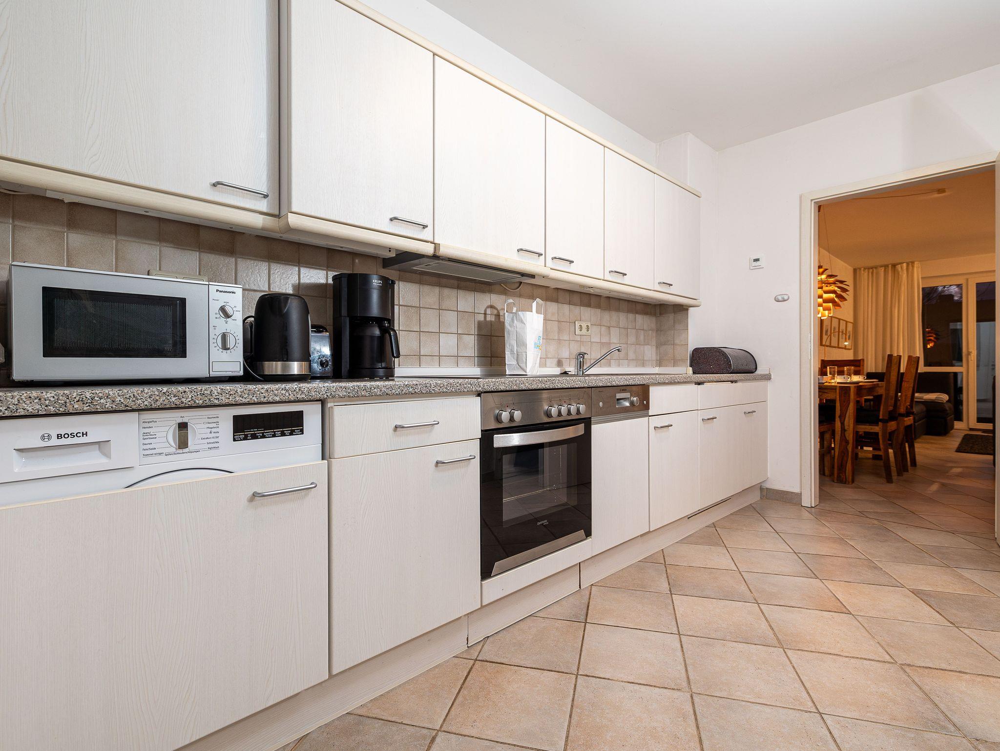 Der helle Wohnbereich öffnet sich direkt zur Terrasse und schafft eine freundliche Atmosphäre, die sich wunderbar ins Freie verlängert perfekt für ein Frühstück in der Morgensonne oder ruhige Momente an der frischen Luft. Die bestens ausgestattete Küche ermöglicht das mühelose Zubereiten gemeinsamer Mahlzeiten.
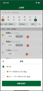 『晴れ山フィルター』機能は、これまでユーザーから多くいただいていた「晴れている山だけを知りたい」という要望を反映させたものであり、登山を趣味としている日本気象協会の職員からも要望が多かった機能です。
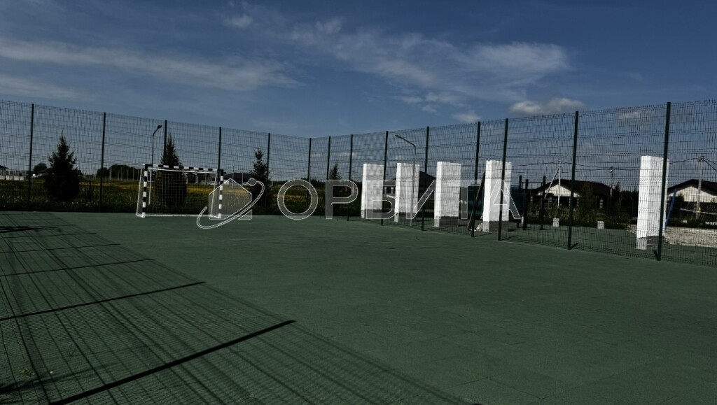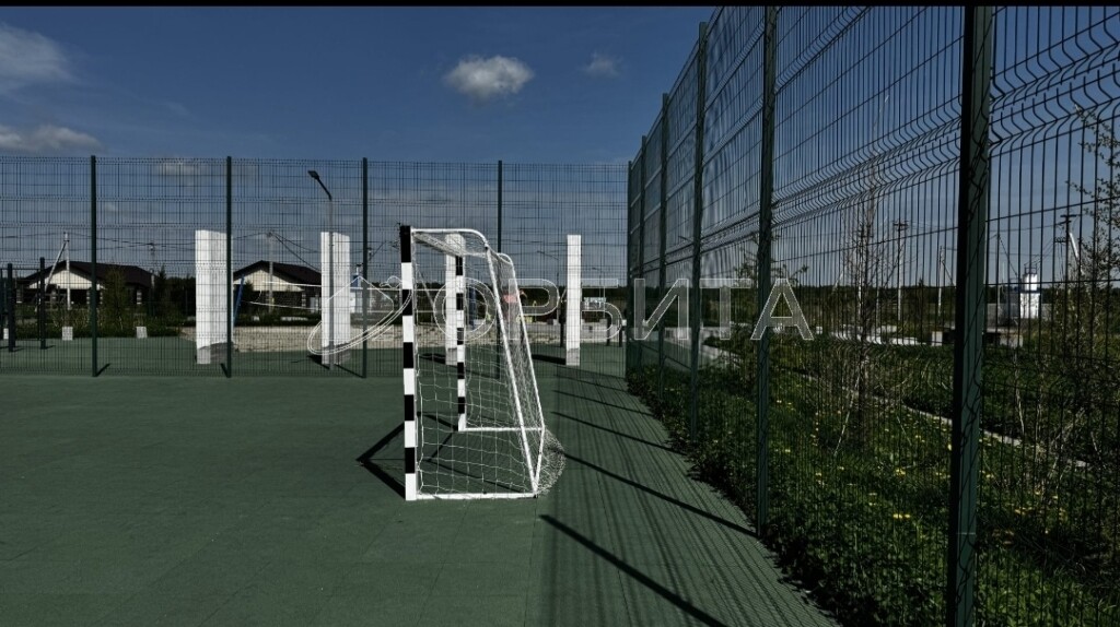 Спортивная площадка с футбольным полем, прогулочная зона.

## EXERCISE BRIEF
Only the pictures stay behind; everything else in the data above is to be retyped exactly.

## RESPONSE BOX
 Der helle Wohnbereich öffnet sich direkt zur Terrasse und schafft eine freundliche Atmosphäre, die sich wunderbar ins Freie verlängert perfekt für ein Frühstück in der Morgensonne oder ruhige Momente an der frischen Luft. Die bestens ausgestattete Küche ermöglicht das mühelose Zubereiten gemeinsamer Mahlzeiten.
 『晴れ山フィルター』機能は、これまでユーザーから多くいただいていた「晴れている山だけを知りたい」という要望を反映させたものであり、登山を趣味としている日本気象協会の職員からも要望が多かった機能です。
 Спортивная площадка с футбольным полем, прогулочная зона.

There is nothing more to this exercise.